St. Joseph’s College of Maine over the weekend confirmed that it notified 126,580 people of a December 2023 data breach that compromised SSNs and other private data. Ransomware gang Clop claimed responsibility for the breach in March 2024. Something to note is that it took the school more than a year after discovering the breach to notify victims.
In a blog post reporting this news, Paul Bischoff, Consumer Privacy Advocate at Comparitech, wrote:
“Clop, or Cl0p, is a high-profile ransomware group that first surfaced in 2019. Its latest wave of claims mostly involve exploiting vulnerabilities in the Cleo file transfer software, which is used by many organizations. Like some other ransomware groups, Clop doesn’t always encrypt files. Instead, it demands ransoms solely in exchange for not selling or publishing stolen data.”

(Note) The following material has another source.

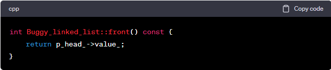 The front() function in the Buggy_linked_list class is missing a return statement. It should return the value of the front node.
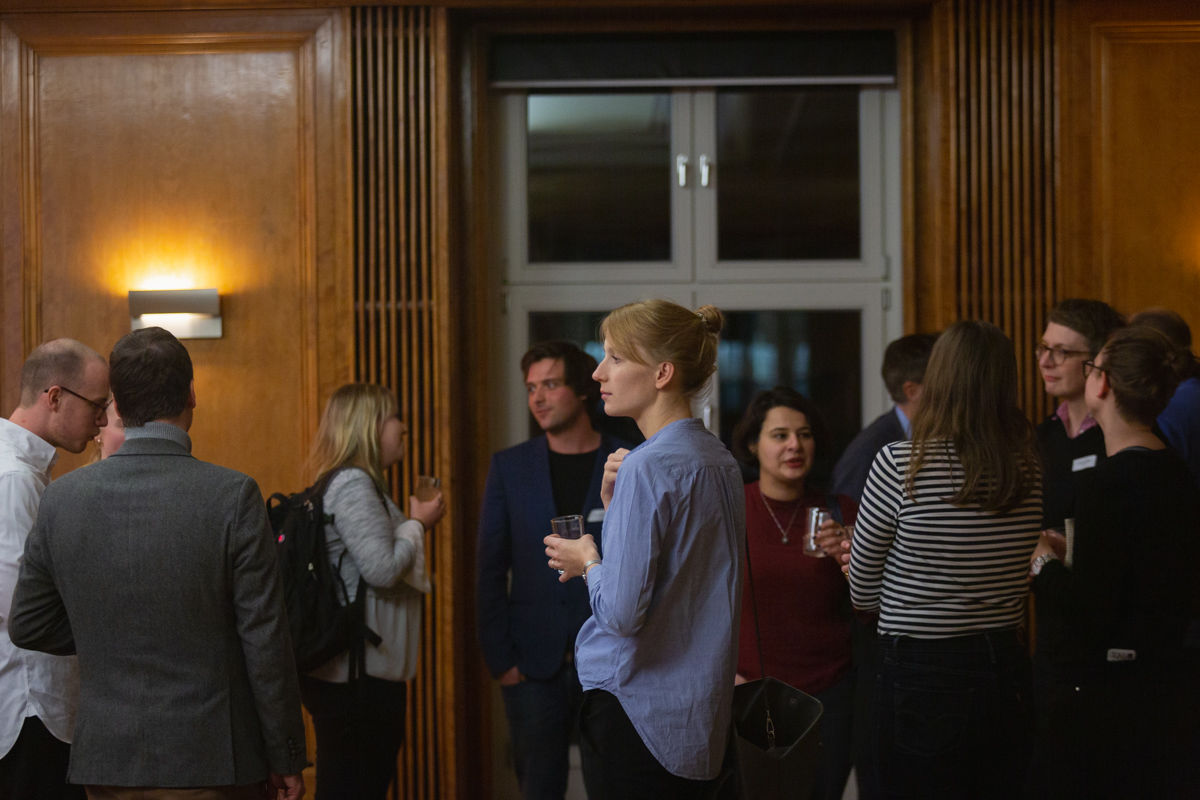 Doch nicht nur die Panelist_innen kamen zu Wort. Fragen der Anwesenden ergänzten und hinterfragten die Ausführungen gleichermaßen interessiert wie kritisch. Die Paneldiskussion mündete nahtlos in einen abschließenden kleinen Empfang, bei dem sich alle Teilnehmenden noch einmal in geistreichen und inspirierenden Konversationen zum Themas des Abends austauschten.

“Clop claimed some of the largest ransomware attacks to date, including those on Fortra (GoAnywhere) and MOVEit (Ipswitch). Those two attacks alone breached about 102 million records.”
“In 2025 so far, Clop claimed one confirmed attack on manufacturing company Uniek. The group claimed another 331 unconfirmed attacks this year that haven’t been acknowledged by the targeted organizations. Most of those claims stem from the Cleo vulnerability exploit.”
“Comparitech researchers logged 124 confirmed ransomware attacks on US schools colleges, and other educational institutions in 2023, compromising more than 3 million records. 2024 saw a dip with 72 such attacks compromising 2.5 million records. In 2025 so far, we have tracked 10 confirmed attacks on US schools. The average ransom is just under $700,000.”
“Ransomware attacks on schools and other education facilities can disrupt day-to-day operations such as taking attendance, submitting grades, phone and email communications, billing, payroll, and assignments. Ransomware attacks are often two-pronged: they lock down systems and steal data. Schools that refuse to pay can face extended downtime, lose data, and put students and faculty at increased risk of fraud.”
The fact this is coming out a year later means that victims have no hope of even attempting to protect themselves. That’s because their data is likely already out there. That’s rally bad as 126K people are guaranteed to be repeated victims through no fault of their own. And that really sucks.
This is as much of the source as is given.